When working with data and viewing, we often want to sort or order our data for easier review. PySpark provides the sort and orderby functions to sort dataframes. In this article, we will learn how to use PySpark OrderBy and Sort.

Setting Up

The quickest way to get started working with python is to use the following docker compose file. Simple create a docker-compose.yml, paste the following code, then run docker-compose up. You will then see a link in the console to open up and access a jupyter notebook.

version: '3'
services:
  spark:
    image: jupyter/pyspark-notebook
    ports:
      - "8888:8888"
      - "4040-4080:4040-4080"
    volumes:
      - ./notebooks:/home/jovyan/work/notebooks/

Using the PySpark Collect

Let's start by creating a Spark Session.

from pyspark.sql import SparkSession

spark = SparkSession.builder.getOrCreate()
WARNING: An illegal reflective access operation has occurred
WARNING: Illegal reflective access by org.apache.spark.unsafe.Platform (file:/usr/local/spark-3.1.2-bin-hadoop3.2/jars/spark-unsafe_2.12-3.1.2.jar) to constructor java.nio.DirectByteBuffer(long,int)
WARNING: Please consider reporting this to the maintainers of org.apache.spark.unsafe.Platform
WARNING: Use --illegal-access=warn to enable warnings of further illegal reflective access operations
WARNING: All illegal access operations will be denied in a future release
21/10/08 16:47:33 WARN NativeCodeLoader: Unable to load native-hadoop library for your platform... using builtin-java classes where applicable
Using Spark's default log4j profile: org/apache/spark/log4j-defaults.properties
Setting default log level to "WARN".
To adjust logging level use sc.setLogLevel(newLevel). For SparkR, use setLogLevel(newLevel).

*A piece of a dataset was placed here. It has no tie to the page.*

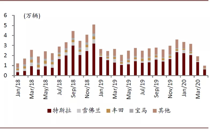 图表: 特斯拉在美国纯电动车市场呈现统治地位

Now, let's create a dataframe to work with.

rdd = spark.sparkContext.parallelize([    
    ("jan", 2019, 86000,56),
    ("jan", 2020, 71000,30),
    ("jan", 2021, 90000,24),
    
    ("feb", 2019, 99000,40),
    ("feb", 2020, 83000,36),
    ("feb", 2021, 69000,53),
    
    ("mar", 2019, 80000,25),
    ("mar", 2020, 91000,50)
])
df = spark.createDataFrame(rdd, schema = ["month", "year", "total_revenue", "unique_products_sold"])
df.show()
+-----+----+-------------+--------------------+
|month|year|total_revenue|unique_products_sold|
+-----+----+-------------+--------------------+
|  jan|2019|        86000|                  56|
|  jan|2020|        71000|                  30|
|  jan|2021|        90000|                  24|
|  feb|2019|        99000|                  40|
|  feb|2020|        83000|                  36|
|  feb|2021|        69000|                  53|
|  mar|2019|        80000|                  25|
|  mar|2020|        91000|                  50|
+-----+----+-------------+--------------------+

Sorting By Columns

The basic use case is the use the sort method on a dataframe and pass in the names of the columns to sort by. If you pass multiple columns, PySpark will sort the latter columns inside the sorting of the first.

df.sort("year").show()
+-----+----+-------------+--------------------+
|month|year|total_revenue|unique_products_sold|
+-----+----+-------------+--------------------+
|  feb|2019|        99000|                  40|
|  jan|2019|        86000|                  56|
|  mar|2019|        80000|                  25|
|  feb|2020|        83000|                  36|
|  mar|2020|        91000|                  50|
|  jan|2020|        71000|                  30|
|  feb|2021|        69000|                  53|
|  jan|2021|        90000|                  24|
+-----+----+-------------+--------------------+
df.sort("month", "year").show()
+-----+----+-------------+--------------------+
|month|year|total_revenue|unique_products_sold|
+-----+----+-------------+--------------------+
|  feb|2019|        99000|                  40|
|  feb|2020|        83000|                  36|
|  feb|2021|        69000|                  53|
|  jan|2019|        86000|                  56|
|  jan|2020|        71000|                  30|
|  jan|2021|        90000|                  24|
|  mar|2019|        80000|                  25|
|  mar|2020|        91000|                  50|
+-----+----+-------------+--------------------+

We can also use the orderBy method to accomplish the above.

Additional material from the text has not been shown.